TAX INSTITUTE
Newsletter

KEITH STAATS

Executive Director
Tax Institute

 
 
(217) 522-5512 ext. 231

May 25, 2018

State and Local Tax this week

Illinois General Assembly 
The House and Senate were in session this week from Monday May 21 through Friday May 25.  Nothing of consequence related to taxes passed the General Assembly this week. 

The House and Senate were scheduled to be in session over the weekend.  However, both chambers cancelled the Saturday and Sunday session days.   The House and the Senate return to Springfield on the Memorial Day holiday and are scheduled to be in session next week through Thursday May 31.

Negotiations over the budget continue.  There has been little to know public discussion of the budget negotiations by the legislative leaders or the Governor this week.  In my experience, that is generally an indication that the discussions have been productive.  We continue to be alert for anti-business "loophole closing" and decoupling from the beneficial aspects of the federal tax law changes to be used as a mechanism to attempt fill any budget gaps between revenues and proposed expenditures.

Legislation that passed both chambers this week:
HB 5253 -  Amends the Illinois Administrative Procedure Act.
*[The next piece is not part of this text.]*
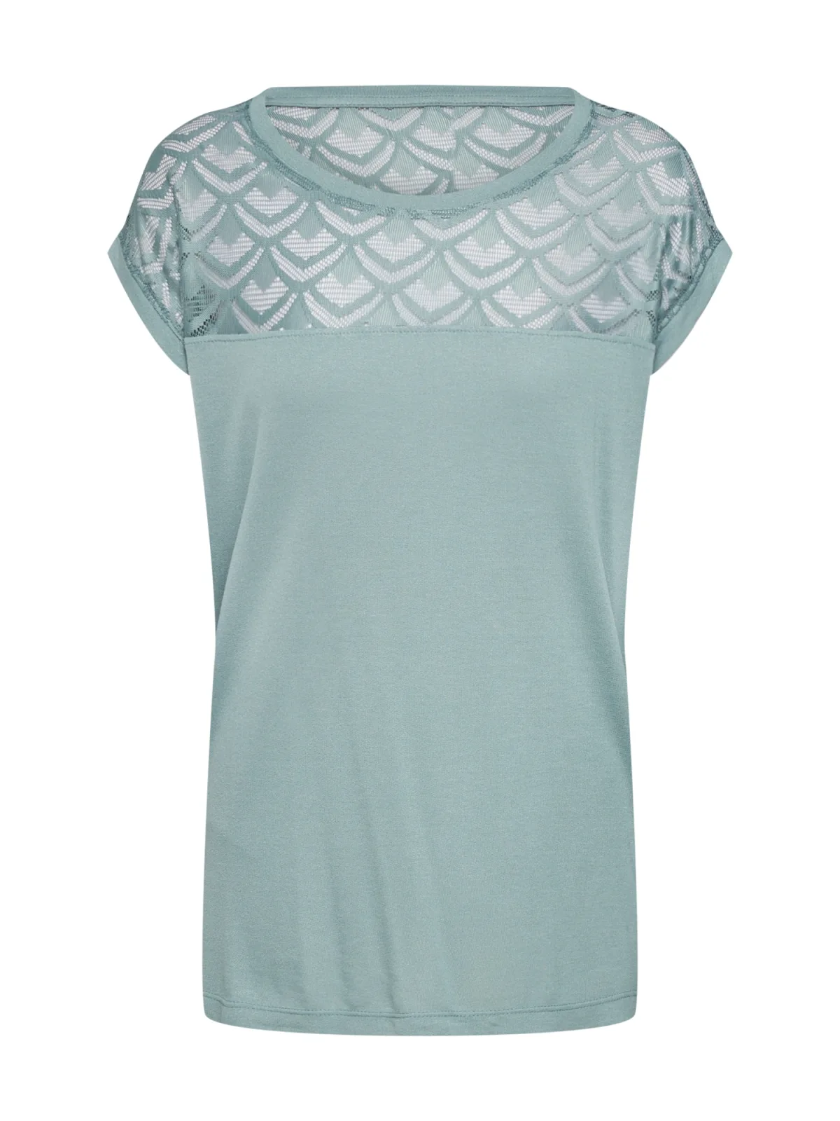 - T-shirt met korte mouwen- Details van de kant- Ronde hals- Lengte: 64 cm in maat M- Het model draagt maat S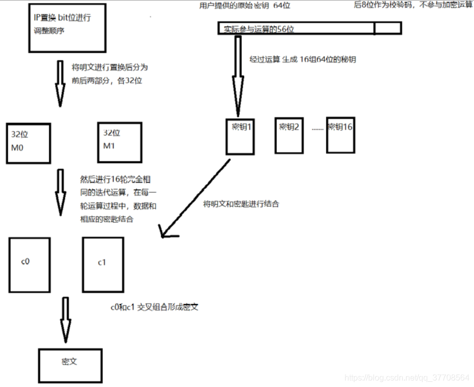 DES 对64位(bit)的明文分组M 进行操作,M经过一个初始置换IP,置换成M0,将M0明文分成左半部分和右半部分,各32位长。

Modifies the provisions requiring State agencies to issue an economic impact analysis when proposing new rules or amendments to rules that affect small businesses. Provides, among other requirements, that the economic impact analysis shall include: (1) a list of the industries that will have to comply with the proposed rule or amendment according to NAICS 2-digit codes; and (2) an identification of the types of impact that the proposed rule or amendment will have based on specified categories. Provides that when any rule or amendment to an existing rule is proposed for which a small business economic impact analysis is required, the adopting State agency must provide the information specified as a part of its filing, and that the information will be published in the Illinois Register. Provides that the Department of Commerce and Economic Opportunity shall place notification of all proposed rules affecting small business on its website, together with specified information. Defines "small business."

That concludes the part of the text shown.